I need to perform a series of replacement values and function of other variables already defined. I tried to write the logic of what I need to do.
The var1
will be the "conditional"
if var1> = 1 & var1 <= 2 {
new_variable1 = var3 * 100000000 + var4.
new_variable2 = var5 * 1000}
else {
new_variable1 = var3 * 1000000 + 99 * 100 + var5 * 1000
new_variable2 = var3 * 1000000 + var5 * 10000 + var4
}
Example sample:
var1 var2 var3 var4 var5
1101 1 10 3 20
1102 2 15 2 15
1103 1 12 2 15
1103 2 20 3 12
1102 3 10 1 10
1104 2 15 1 10
clear
input var1 var2 var3 var4 var5
1101 1 10 3 20
1102 2 15 2 15
1103 1 12 2 15
1103 2 20 3 12
1102 3 10 1 10
1104 2 15 1 10
end
gen long new1 = cond(inrange(var2, 1, 2), var3 * 1e8 + var4, var3 * 1e6 + 9900 + var5 * 1000)
gen long new2 = cond(inrange(var2, 1, 2), var5 * 1000, var3 * 1e6 + var5 * 10000 + var4)
+----------------------------------------------------------+
| var1 var2 var3 var4 var5 new1 new2 |
|----------------------------------------------------------|
1. | 1101 1 10 3 20 1000000003 20000 |
2. | 1102 2 15 2 15 1500000002 15000 |
3. | 1103 1 12 2 15 1200000002 15000 |
4. | 1103 2 20 3 12 2000000003 12000 |
5. | 1102 3 10 1 10 10019900 10100001 |
6. | 1104 2 15 1 10 1500000001 10000 |
+----------------------------------------------------------+
Thanks for the example.
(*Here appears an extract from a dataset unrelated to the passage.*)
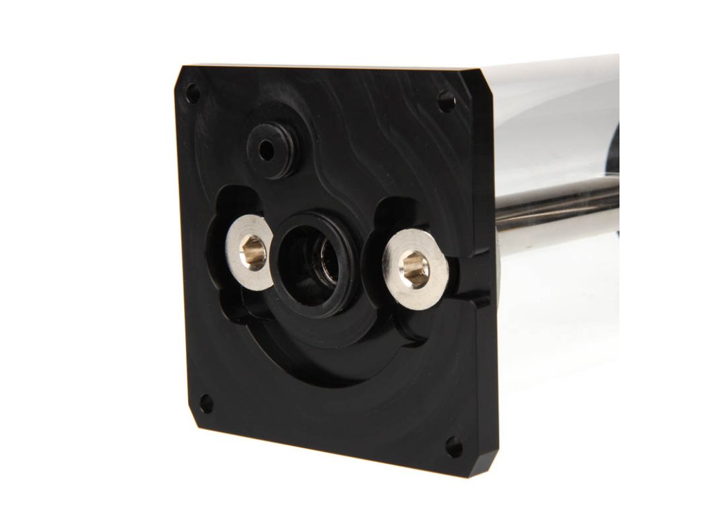 Expanzné nádrže radu aqualis sú vybavené rúrkou z borosilikátového skla, ktoré má na rozdiel od akrylového skla často používaného na rúrkové expanzné nádrže veľmi vysokú tvrdosť a odolnosť proti poškriabaniu, veľmi nízku tepelnú rozťažnosť a vynikajúcu chemickú a tepelnú odolnosť. Sklenená rúrka má vonkajší priemer 75 mm a hrúbku steny 5 mm. Základňa a veko série aqualis sú vyrobené z delrínu, veko a základňa sú spojené poniklovanou mosadznou rúrkou.Poznámka:Podstavce aqualis pre adaptéry čerpadiel sú na spodnej strane vybavené pripojovacími prírubami a môžu sa používať len s vhodným adaptérom čerpadla Aqua Computer! Voliteľne je možné namontovať až dva osvetľovacie moduly do dvoch závitov G1/4.

The values of var1
all fall way outside the interval [1, 2] so I have recast the example in terms of var2
.
The most important detail is that the if
command is quite wrong here, as it doesn't imply a loop over observations. You could rewrite the code using the if
qualifier but it is simpler to use cond()
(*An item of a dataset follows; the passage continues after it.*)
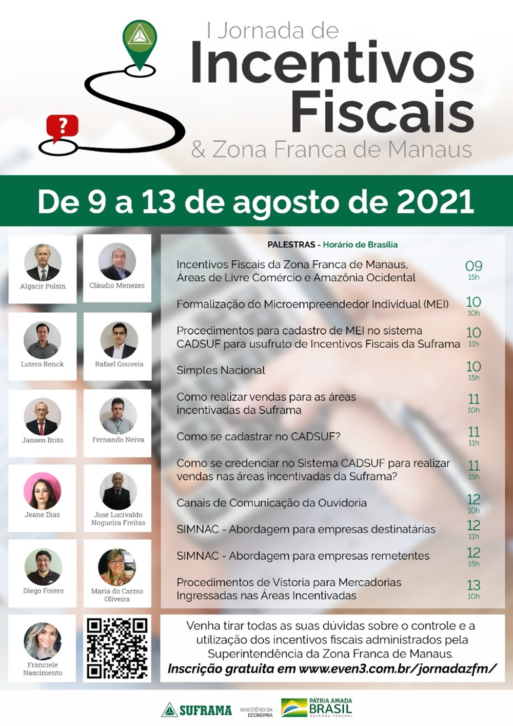 As inscrições para a I Jornada de Incentivos Fiscais & Zona Franca de Manaus estão abertas e podem ser feitas gratuitamente pelo site www.even3.com.br/jornadazfm. Entre os palestrantes, além de servidores da Suframa, estão representantes de órgãos como a Receita Federal, Secretarias Estaduais de Fazenda e Serviço Brasileiro de Apoio às Micro e Pequenas Empresas (Sebrae). As palestras terão duração média de 45 minutos, com 15 minutos adicionais para a resposta de dúvidas. Haverá certificado de participação ao final da Jornada.

which is an if/else construct. For manipulations like this you shouldn't rely on the default float
storage type.
Reading list:
help cond()
help inrange()
https://www.stata.com/support/faqs/programming/if-command-versus-if-qualifier/
https://www.stata-journal.com/sjpdf.html?articlenum=pr0016
https://www.stata-journal.com/sjpdf.html?articlenum=dm0026
Note that this isn't a problem needing a loop in Stata.